The Reporters Without Borders correspondent in Cuba, Ricardo González Alfonso, was returned to his cell in January after a long spell in a prison hospital, but his health has worsened again. The Cuban government no longer has an excuse for eluding the issue of human rights and free expression after the European Union lifted its sanctions on 23 June.
Reporters Without Borders appeals to Raúl Castro's government for a show of magnanimity towards the organisation's correspondent, Ricardo González Alfonso, and other imprisoned journalists in return for the European Union's decision on 23 June to lift the political sanctions it had imposed Cuba.
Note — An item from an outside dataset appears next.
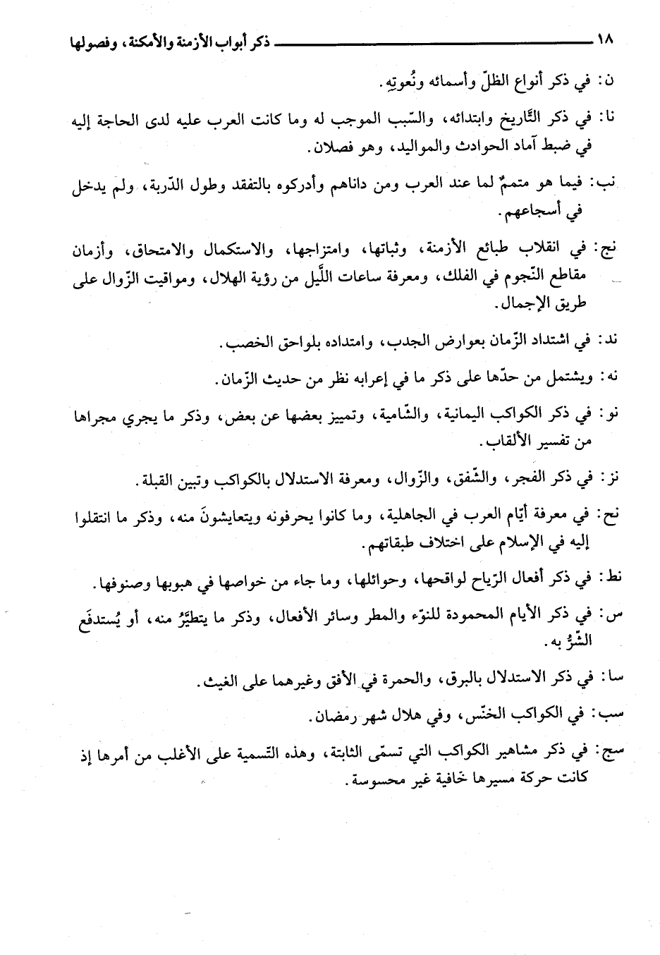 نج: في انقلاب طبائع الأزمنة، وثباتها، وامتزاجها، والاستكمال والامتحاق، وأزمان مقاطع النّجوم في الفلك، ومعرفة ساعات اللّيل من رؤية الهلال، ومواقيت الزّوال على طريق الإجمال.

The Cuban government had made this a condition for restoring normal relations with the EU.
“There have been a few advances in freedom of expression and information since Raúl Castro took over as Council of State president on 24 February, with Cuban being given the right to buy their own computer equipment or enter tourist hotels that have better Internet connections,” Reporters Without Borders said. “The dialogue begun by the Spanish government undoubtedly contributed to this, just as it led to the release in February of independent journalist Alejandro González Raga and two other detainees from the 2003 ‘Black Spring'.”
The press freedom organisation added: “A similar gesture is now needed with the 23 other journalists who are still imprisoned, 19 of whom have been held since the March 2003 crackdown. The EU sanctions imposed after the crackdown, which were suspended in 2005, have now been definitively lifted. The Cuba government got its way, so there is no longer any excuse for sidestepping the call for an improvement in human rights and free expression.”
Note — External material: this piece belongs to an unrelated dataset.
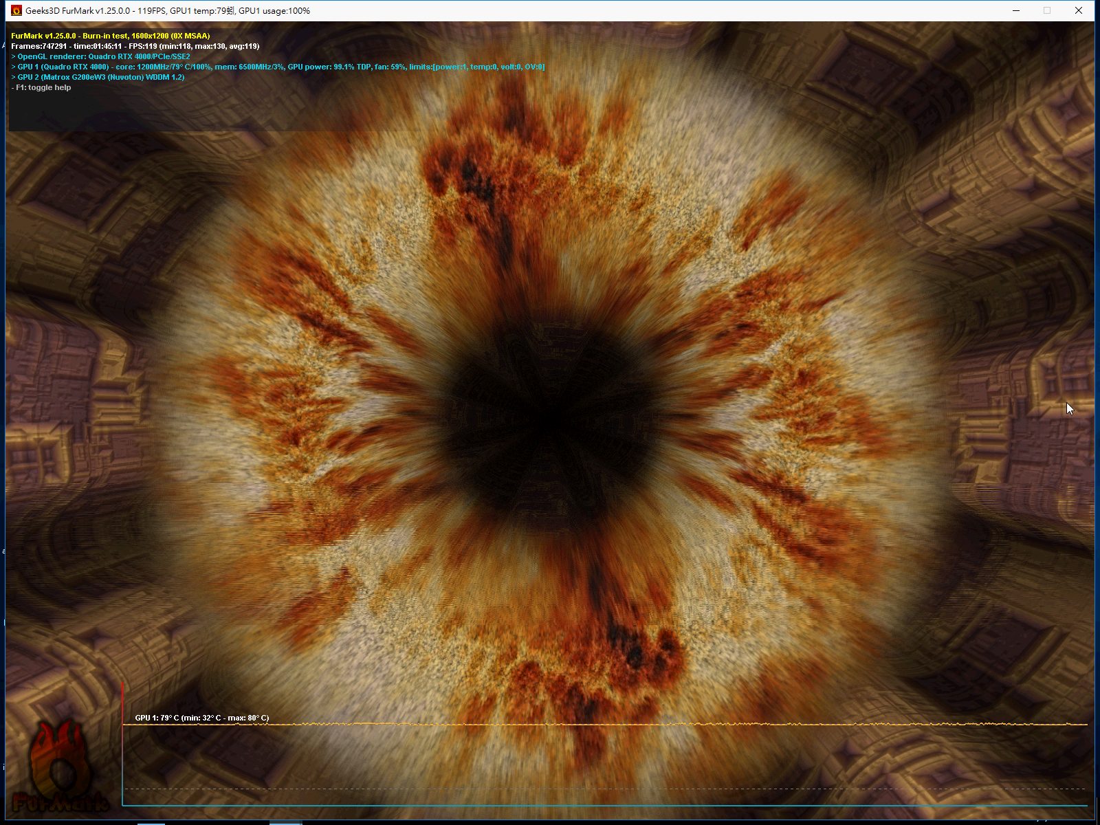 ▲Windows 10下,可透過FurMark來對Quadro RTX 4000進行燒機測試,最高溫度80度C,表示長時間運作下都能保持散熱順暢,並穩定運作!

As well as being the Reporters Without Borders Cuba correspondent, González is the founder of the Manuel Márquez Sterling journalists' association and the independent magazine De Cuba. He was arrested on 18 March 2003 and was given a 20-year prison sentence on the absurd charge of being a “mercenary” in the pay of the United States. He has been held in Havana's Combinado del Este prison since the end of 2004.
Now aged 58, he suffers from high blood pressure and cervical arthritis, and has problems with his circulation and digestion. After a long spell in the prison hospital and a total of four operations in 2006 and 2007, he was returned to his cell on 27 January of this year, although he is still in very poor health.
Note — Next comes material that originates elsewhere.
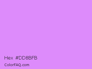 Hex #dd8bfb Color is a light purple color and the nearest color is Bright Lilac #d891ef. Hex code #dd8bfb and RGB value is rgb(221,139,251). In RGB color space, this color is composed of 87% red, 55% green, 98% blue, In CMYK color space, this color is composed of 12% cyan, 45% magenta, 0% yellow , 2% black , In HSL color space, this color has a hue angle of 284° , 93% saturation and 76% lightness.

His wife, Alida Viso Bello, told Reporters Without Borders on 23 June that for the past month he has not been getting the Captopril medicine that heart doctors prescribed for his high blood pressure, and that he is having a lot of arthritis attacks because he does not have an appropriate chair in his cell. Viso never got a reply to the request she submitted last February for him to be released on health grounds.
With a total of 23 journalists detained, Cuba continues to be the world's biggest prison for the media after China. It is the western hemisphere's only country that not does permit any form of media that is not under direct government control.